Las campañas políticas gringas –como bien sabemos– asemejan el mundo del espectáculo, por lo fastuoso y la producción: estadios, luces, pantallas, efectos visuales, pasarelas, música, por lo que podría no habernos sorprendido ver a Trump en medio Village People cantando Macho Man en el mitin de celebración de su victoria electoral, pero el recurso a la espectacularización de la política parece ser hoy en día un camino de alto rendimiento a la neorreacción de muchas partes del mundo.
No hay duda de que Javier Milei es quien mejor caracteriza al showman de las derechas contemporáneas. Tirado a lo grotesco, el hombre de la motosierra ha sabido capitalizar una nueva disposición social a la demagogia efectista. No importan los escándalos políticos de corrupción, el endeudamiento nacional, la escasa proyección económica o los golpes a la educación y la salud, para un electorado argentino que agarrado a un clavo ardiente confía, al menos en parte, en un hombre que al pararse en un escenario decide dar un concierto de rock –y de un muy mal rock, dicho sea de paso–. Es la política espectáculo que visto desde otras latitudes desnuda el triste espectáculo de la vida política argentina.

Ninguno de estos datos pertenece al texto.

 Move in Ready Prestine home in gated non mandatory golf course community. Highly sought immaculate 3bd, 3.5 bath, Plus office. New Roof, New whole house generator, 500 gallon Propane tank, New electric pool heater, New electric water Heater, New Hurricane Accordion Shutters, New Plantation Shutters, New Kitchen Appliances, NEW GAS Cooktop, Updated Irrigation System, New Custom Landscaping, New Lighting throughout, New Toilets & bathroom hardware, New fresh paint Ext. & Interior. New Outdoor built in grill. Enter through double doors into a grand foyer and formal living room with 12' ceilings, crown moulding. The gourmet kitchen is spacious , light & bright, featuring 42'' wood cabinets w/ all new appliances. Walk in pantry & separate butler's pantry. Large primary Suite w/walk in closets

La novedad, por supuesto, no radica en la sobreexplotación de la propia imagen. Ya el siglo XX representó el asalto de hombres de la política –obvio, mayoritariamente hombres– que no sólo debían encarnar en sí mismos los valores del proyecto de pueblo o nación, sino que además debían hacerlo con recurso a la mediatización y la propaganda. En ello el fascismo marcó un antes y un después.

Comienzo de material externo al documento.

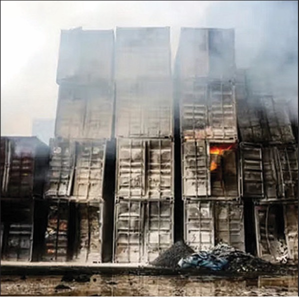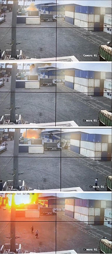 Video from a security camera placed on the roof of a building in the port showed flames coming from a stacked container that no one on the ground seemed to notice right away. The first flames were visible at 12:05:08 p.m.—67 seconds later, the flames soared high above the container. Twenty-four seconds after that, a huge blast erupted, and the video stopped.
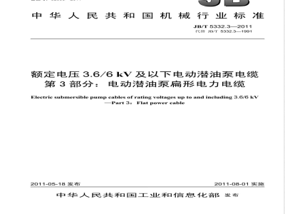 JB/T5332《额定电压3.6/6kV及以下电动潜油泵电缆》分为四个部分:第1部分:一般规定;
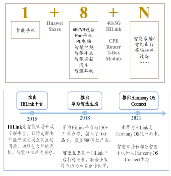 华为全面的生态布局,万物互联。华为布局“1+8+N”,打造万物互联生态布局,汽车是其中重要一环。华为在已有的IoT、Wi-Fi、Cloud、AI等技术的发展上,催生了边缘计算、云管理、AIOps等新的市场,将企业ICT带入了数据驱动的智能时代。“1+8+N”中的“1”就是手机为主入口,“8”就是4个大屏的入口:PC、平板、智慧大屏、车机,和4个非大屏入口即耳机、音箱、手表,眼镜,N则是泛IoT硬件构成的华为HiLink生态。
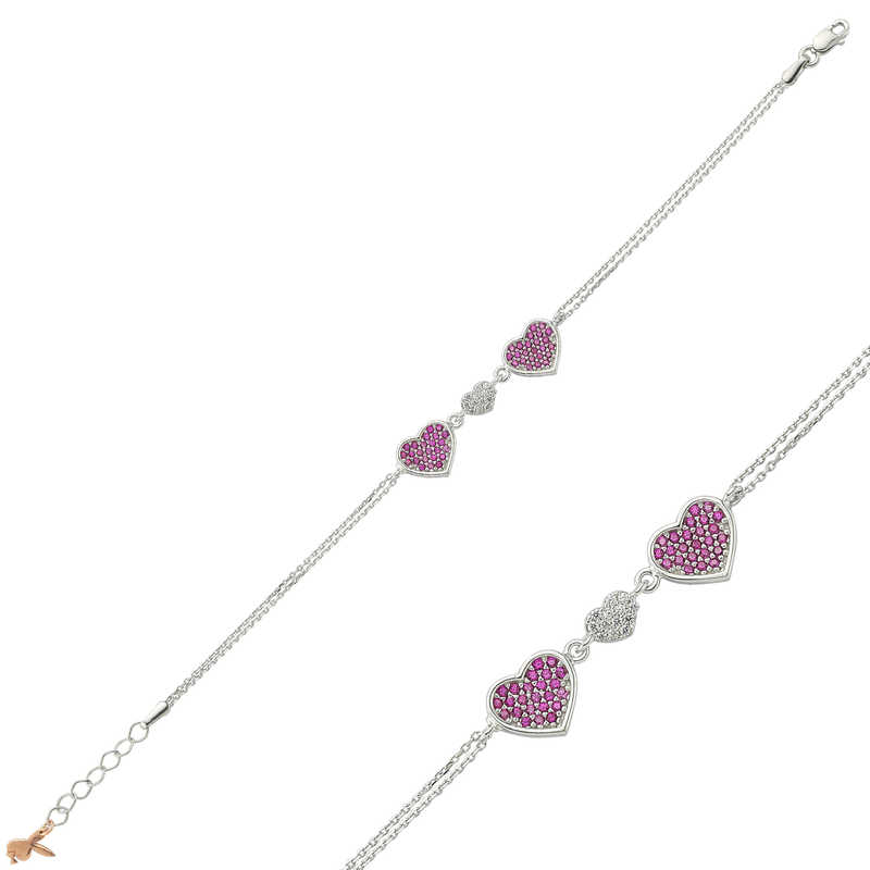Aşkın ve sevginin bütün saflığıyla kucak açtığı en yüce tasarımdır kalp... Bu şık kalp deseniyle sevdiklerinizi mutlu etmeye ne dersiniz? Aşk dolu bu bilekliği sevgilinize doğum günü , sevgililer günü yada özel günlerde hediye ederek onları mutlu edebilirsiniz... Bu pembe kalpli bileklik 925 ayar gümüşten imal edilmiştir. Gümüş üzerine rodyum kaplama yapılmıştır. Rodyum kaplama yapılan gümüş bayan bileklik modelleri parlaklığını uzun süre muhafaza eder, oksitlenmeyi geciktirir. Üzerinde bulunan taşlar zirkondur. Tüm gümüş bayan bileklik modellerinde olduğu gibi gümüş pembe kalpli bayan bileklik de el emeği ile üretilmiştir. Gümüş ve değerli taşlar nedeniyle belirtilen ürün ağırlığında ± %10 sapma olabilmektedir.
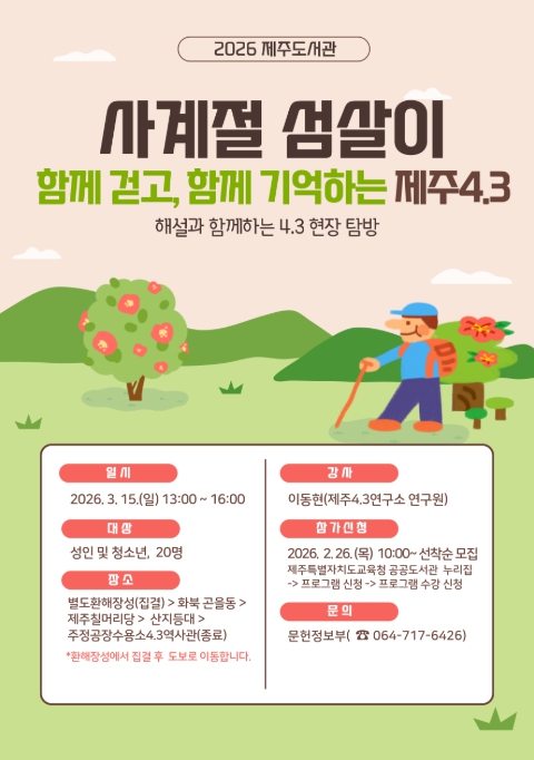 제주도서관 관계자는 “현장에서 직접 듣는 역사 해설을 통해 4.3이 남긴 교훈을 다시금 되새기는 시간이 되길 바란다”며 도민들의 많은 참여를 당부했다.
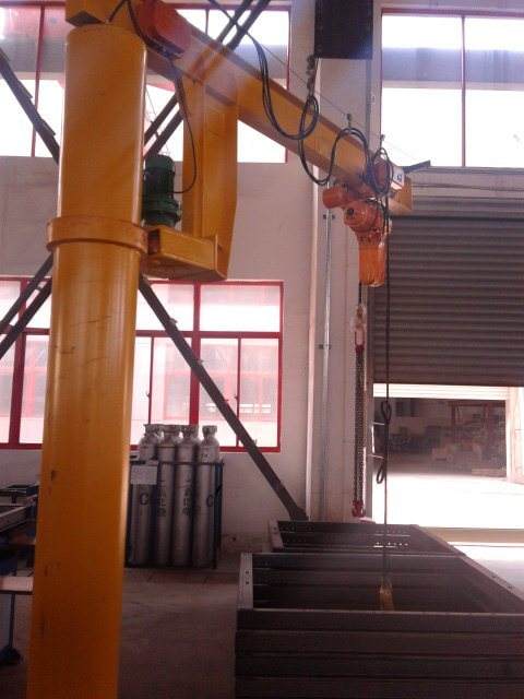 立柱式旋臂吊具有结构新颖、合理、简单、操作方便、回转灵活、作业空间大等优点,是节能高效的物料吊运设备,可广泛适用于厂矿、车间的生产线、装配线和 机床的上、下工作及仓库、码头等场合的重物吊运。定柱式旋臂吊根据其旋臂所使用型钢的不同可以分为:BZD型和BZD-JKBK型。
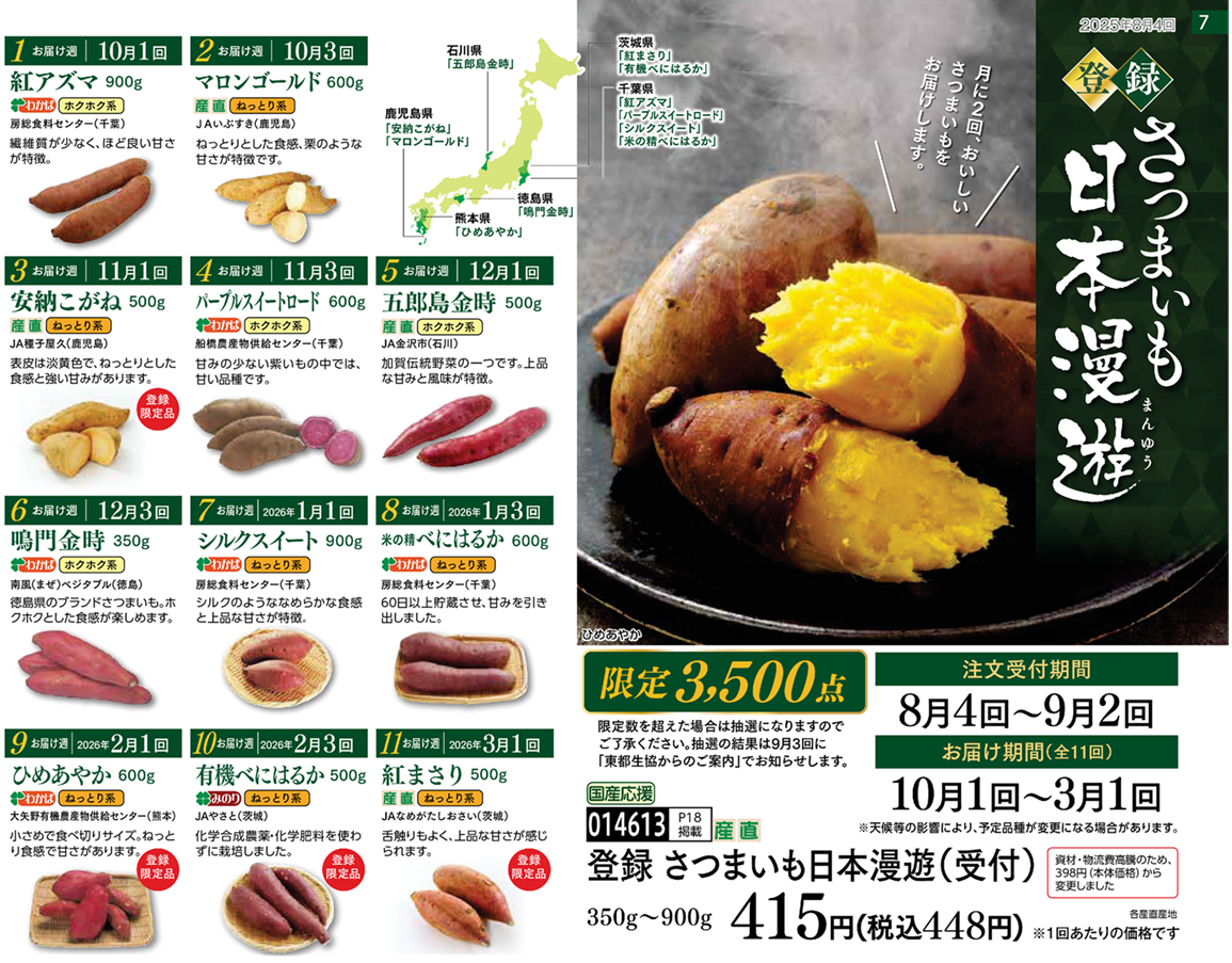 登録商品『さつまいも日本漫遊』お届け予定品種のお知らせ

En 1935 se estrenó el filme más icónico del nacionalsocialismo, El triunfo de la voluntad, donde se mostraba una convención del partido lidereado por Adolf Hitler. Dirigida por Leni Riefenstahl, quien fuera una de las primeras mujeres cineastas del mundo, se convirtió en uno de los más poderosos productos de propaganda política de la época. A ese celuloide debemos algunas de las imágenes más popularizadas de Hitler. Riefenstahl se había formado como cineasta en el ambiente de vanguardia del Berlín de la década de los años 20; aspiró a representar a Lola Lola en El ángel azul de Josef von Sternberg, pero Marlene Dietrich le ganaría ese protagónico. Después lanzó su primera obra como directora y se volvió nazi a principios de los 30, poco después Hitler la llamó porque su trayectoria lo había impresionado.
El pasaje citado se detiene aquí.